Jayakrupakar Nallala,a,# Olivier Piot,a Marie-Danièle Diebold,a,b Cyril Gobinet,a Olivier Bouché,a,c Michel Manfaita and Ganesh Dhruvananda Sockalinguma,*
aMéDIAN Biophotonique et Technologies pour la Santé, Université de Reims Champagne-Ardenne, FRE CNRS 3481 MEDyC, UFR de Pharmacie, SFR Cap Santé, 51 rue Cognacq-Jay, 51096 Reims Cedex, France. E-mail: [email protected]

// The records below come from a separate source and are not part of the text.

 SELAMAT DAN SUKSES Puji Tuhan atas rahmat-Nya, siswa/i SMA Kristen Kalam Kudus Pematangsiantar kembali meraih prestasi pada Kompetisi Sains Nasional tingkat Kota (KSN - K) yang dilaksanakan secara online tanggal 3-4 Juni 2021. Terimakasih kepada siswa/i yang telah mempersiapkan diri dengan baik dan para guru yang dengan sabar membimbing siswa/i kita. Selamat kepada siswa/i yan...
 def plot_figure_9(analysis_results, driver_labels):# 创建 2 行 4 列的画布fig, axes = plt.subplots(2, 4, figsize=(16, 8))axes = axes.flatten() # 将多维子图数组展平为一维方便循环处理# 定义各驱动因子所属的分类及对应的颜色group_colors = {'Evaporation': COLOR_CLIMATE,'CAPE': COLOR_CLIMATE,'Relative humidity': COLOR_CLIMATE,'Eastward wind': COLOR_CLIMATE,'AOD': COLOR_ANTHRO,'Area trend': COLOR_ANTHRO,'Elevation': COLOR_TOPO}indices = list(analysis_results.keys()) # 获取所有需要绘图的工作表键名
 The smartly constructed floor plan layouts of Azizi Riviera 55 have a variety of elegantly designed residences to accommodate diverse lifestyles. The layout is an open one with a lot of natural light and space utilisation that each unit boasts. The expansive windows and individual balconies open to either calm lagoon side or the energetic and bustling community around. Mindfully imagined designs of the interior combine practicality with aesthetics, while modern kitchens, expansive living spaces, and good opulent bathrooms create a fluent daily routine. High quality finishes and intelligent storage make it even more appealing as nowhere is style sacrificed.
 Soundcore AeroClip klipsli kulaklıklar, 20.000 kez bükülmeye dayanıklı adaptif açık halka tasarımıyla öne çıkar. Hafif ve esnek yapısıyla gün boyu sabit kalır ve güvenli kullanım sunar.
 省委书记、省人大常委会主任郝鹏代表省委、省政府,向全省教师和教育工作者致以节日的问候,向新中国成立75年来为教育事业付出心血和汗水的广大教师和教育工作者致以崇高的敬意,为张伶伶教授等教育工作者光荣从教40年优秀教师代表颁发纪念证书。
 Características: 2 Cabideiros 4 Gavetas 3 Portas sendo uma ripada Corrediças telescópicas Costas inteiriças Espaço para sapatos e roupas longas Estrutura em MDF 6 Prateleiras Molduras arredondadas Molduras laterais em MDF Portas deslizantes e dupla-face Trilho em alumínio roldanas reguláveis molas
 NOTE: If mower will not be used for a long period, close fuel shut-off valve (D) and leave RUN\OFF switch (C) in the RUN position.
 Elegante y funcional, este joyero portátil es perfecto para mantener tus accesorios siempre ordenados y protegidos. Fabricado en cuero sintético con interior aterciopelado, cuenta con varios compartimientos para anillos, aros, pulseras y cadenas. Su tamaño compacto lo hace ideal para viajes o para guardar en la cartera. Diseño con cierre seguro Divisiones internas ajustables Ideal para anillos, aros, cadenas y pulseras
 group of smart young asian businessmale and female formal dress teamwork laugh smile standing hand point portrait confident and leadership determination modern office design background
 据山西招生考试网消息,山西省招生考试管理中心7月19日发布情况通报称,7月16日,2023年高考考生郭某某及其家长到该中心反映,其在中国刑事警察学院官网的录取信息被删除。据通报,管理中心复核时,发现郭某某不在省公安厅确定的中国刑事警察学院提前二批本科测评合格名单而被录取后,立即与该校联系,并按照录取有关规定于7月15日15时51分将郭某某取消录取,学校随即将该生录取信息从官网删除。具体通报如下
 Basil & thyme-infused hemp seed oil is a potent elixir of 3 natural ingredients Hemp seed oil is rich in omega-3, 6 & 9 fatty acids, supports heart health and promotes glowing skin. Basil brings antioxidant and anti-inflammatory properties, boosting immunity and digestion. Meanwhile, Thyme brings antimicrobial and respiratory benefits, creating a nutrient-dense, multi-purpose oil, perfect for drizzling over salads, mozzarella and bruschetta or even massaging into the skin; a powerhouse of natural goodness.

bLaboratoire d’Anatomie et Cytologie Pathologiques, CHU Robert Debré, Avenue du Général Koenig, 51092 Reims Cedex, France
cService d’Hépato Gastroentérologie et de Cancérologie Digestive, CHU Reims, Avenue du Général Koenig, 51092 Reims Cedex, France
Introduction
Novel methods are continuously being sought as potential diagnostic tools which can provide bio-molecular markers in a rapid and objective manner. This is extremely important, especially in biomedical research dealing with cancers in which accurate diagnosis determines the course of the treatment and, hence, the disease itself and the survival outcome. Infrared (IR) spectral imaging has shown promising results in this field due to its capacity to provide bio-molecular information from cells and tissues in a non-destructive and label-free manner.1 Several recent studies have shown its capability to differentiate between normal and tumoural cells and tissues in different types of cancers; these have led to new concepts of spectral histopathology and cytology.2,3
IR spectral histopathology involves the imaging of tissues and the construction of spectral images from which spectral information can be obtained and correlated to the bio-molecular profiles of the tissue. Extraction of this information is facilitated with the use of various multivariate data pre-processing and processing methods that can be implemented to provide valuable diagnostic information.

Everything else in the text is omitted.